Ever since the global meltdown began in 2007, Wall Street pundits and government officials have proclaimed cheery optimism that meaningful global recovery will occur by the second half of 2009, or the first quarter of 2010. So, they're telling us we have nothing to fear except fear itself.

Well, we have now entered 2009's second half and unemployment is still rising, so are bankruptcies and mortgage foreclosures. Despite the admirable rescue operations of the Obama team, the Bank of England and the European Central Bank, the vicious circle of consumers and investors too scared to spend continues. Unemployment will worsen still, and shortfalls in the GDP growth rate will persist.

It is rational for a rescued bank to be afraid to enter into risky lending. Why can't orthodox central bank operations reverse accelerating recessions? Early on official shortest-term assets are given yields that approximate zero. At zero interest rates, everyone freezes up and becomes a hoarder.

Macroeconomists who taught in the 1970s and 1980s at elite Harvard, Princeton, Stanford and MIT were slow to understand the obvious. When a few of us, as far back as spring of 2007, warned that meaningful recovery might be delayed by years, we were only a lunatic minority.

Yes, Japan could experience a "lost decade" but academic financial engineers had, in the West, allegedly forged new tools to measure risk and enable both the spread and control of it. No "lost decades" for us smart guys.

A pretty fable. Yes, those financial engineering tools, invented at MIT, Chicago and Wharton, could have had useful functions. But in reality, no CEO you will ever meet truly understood these fiendish new tools.

Instead of controlling riskiness, the new tools — swaps, puts and calls, securitized packets of mortgage loans — under President George Bush's form of unregulated financial investment, diminished transparency and led to dangerous hyper-leveraging. Result: an ultra-fragile financial system, prone to a global meltdown of 2007-2008.

President Barack Obama's treasury secretary, Timothy Geithner, claims that rescue is already working and imminent recovery is on its way. He errs. The rescue of new sustained Main Street spending has hardly begun. Without such, as the New Deal learned in the 1930s, recovery is impossible.

But has any member of Barack Obama's crack economic team spoken about the need to send to Main Street money for sustained spending and re-spending? No.

China, a one-party despotic state, by piling on new deficit spending will, paradoxically, beat the rest of us to macro recovery.

Today's macro scholars are poorly prepared to combat post-2006 meltdowns. Their textbooks on macroeconomics did not talk of "liquidity traps" or "paradoxes of thrift" whereby the attempt of people and businesses to save more, only shrank rather than augment Main Street spending.

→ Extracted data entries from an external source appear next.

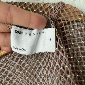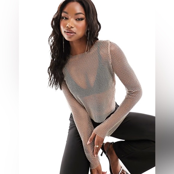 ASOS Sheer Rhinestone Mesh Long Sleeve Top
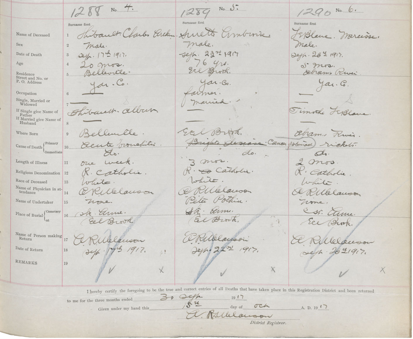 Death Registration: Year: 1917 book: 50 page: 419 number: 1290
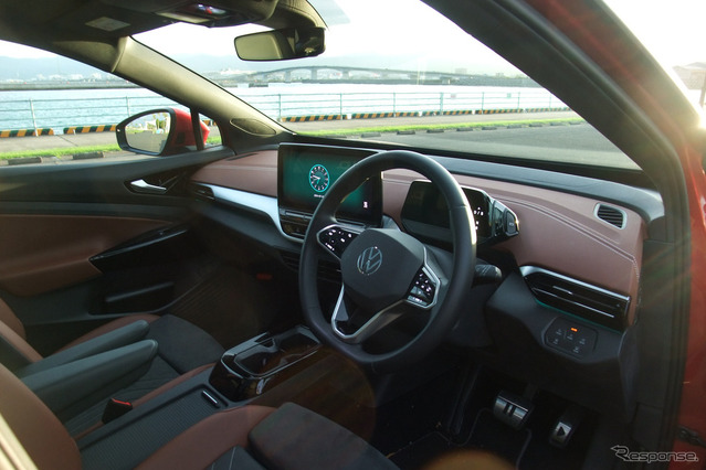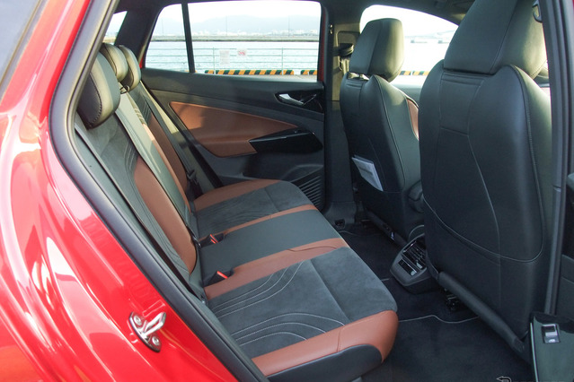 空間設計の特徴は車体の隔絶感が強いことで、乗り込んでドアを閉めると外が遠い世界に感じられる。フォルクスワーゲンはじめドイツ車は全般的にその傾向があるが、ID.4はそれがとくに顕著で、頑丈な装甲に守られているという印象だった。
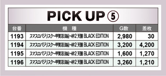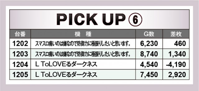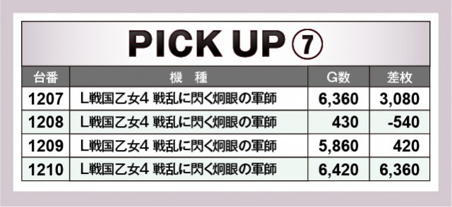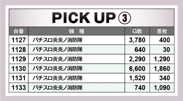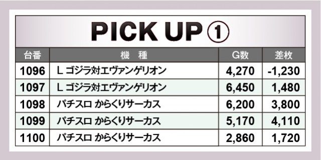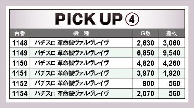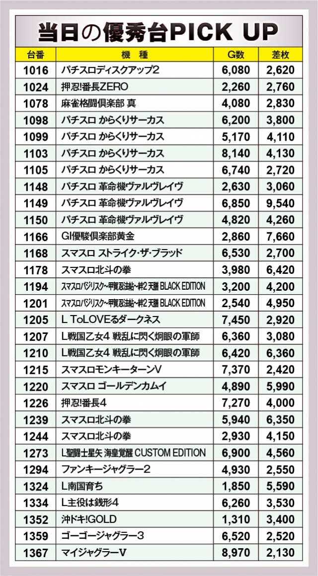 前述したように『パチスロ 革命機ヴァルヴレイヴ』1149番台+9,540枚が鮮烈な記録を打ち立てており、ほかにも『パチスロ からくりサーカス』1099番台+4,110枚や1103番台+4,130枚といった大きな熱量が見られる。大きなマイナスを築いた台が見られず、好況スポットが相当高いポテンシャルを秘めていたのは間違いない。
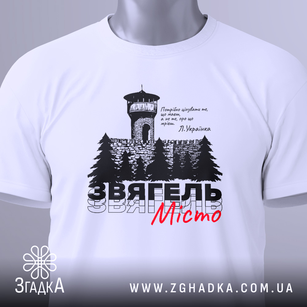 Футболка Звягель виготовлена з високоякісних матеріалів, що забезпечують комфорт протягом усього дня. Принт символізує гордість за рідне місто, що робить її не лише модним елементом, а й способом вираження своєї ідентичності.

It is giving sustained funds to ready spenders that counts most. Now, in the second half of 2009, it is too late to spend on shovel-ready projects. States and municipalities need help to meet their budget needs, and analyze how to deal with deficits and spend government stimulus funds. Suffering states will spend whatever they are given. So discount those rosy assurances of meaningful recovery for a few months.

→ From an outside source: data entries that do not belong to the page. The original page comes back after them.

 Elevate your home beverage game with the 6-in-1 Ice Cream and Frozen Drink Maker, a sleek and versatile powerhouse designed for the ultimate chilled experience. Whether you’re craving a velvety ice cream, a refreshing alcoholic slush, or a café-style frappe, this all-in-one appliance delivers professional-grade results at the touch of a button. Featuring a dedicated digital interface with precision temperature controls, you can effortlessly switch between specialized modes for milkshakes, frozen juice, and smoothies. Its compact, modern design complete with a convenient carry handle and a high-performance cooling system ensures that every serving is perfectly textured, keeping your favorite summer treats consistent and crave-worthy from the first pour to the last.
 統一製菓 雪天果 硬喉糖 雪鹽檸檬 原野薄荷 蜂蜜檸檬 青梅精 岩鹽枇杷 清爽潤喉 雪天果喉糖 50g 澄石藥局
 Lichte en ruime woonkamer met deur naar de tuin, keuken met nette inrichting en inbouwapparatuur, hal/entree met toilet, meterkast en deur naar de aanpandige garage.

The late Charles Kindleberger, expert on manias and financial crashes, reiterated Walter Bagehot's insistence that every capitalist system needs a "lender of last resort". If alive today, he would insist on a need for a "spender of last resort", that is the government.

Republican members of Congress do not understand these ABC's. Nor do the Democrats in Congress. Time delays are crucially lethal once a recession is becoming self-generating in the chicken-egg-chicken fashion.

Only an Obama has the charisma and popularity to insist on meaningful sustained deficit spending. Yes, deficit spending. It took all of Franklin Roosevelt's guile and eloquence to push things and maintain the New Deal recovery. Abhorent dictator Adolf Hitler used similar deficit spending to restore Germany to full employment by 1939.

May democracies in the 21st century quickly achieve the compromises needed to restore economic sanity.

© 2009 Tribune Media Services

(This story was published in Businessworld Issue Dated 03-08-2009)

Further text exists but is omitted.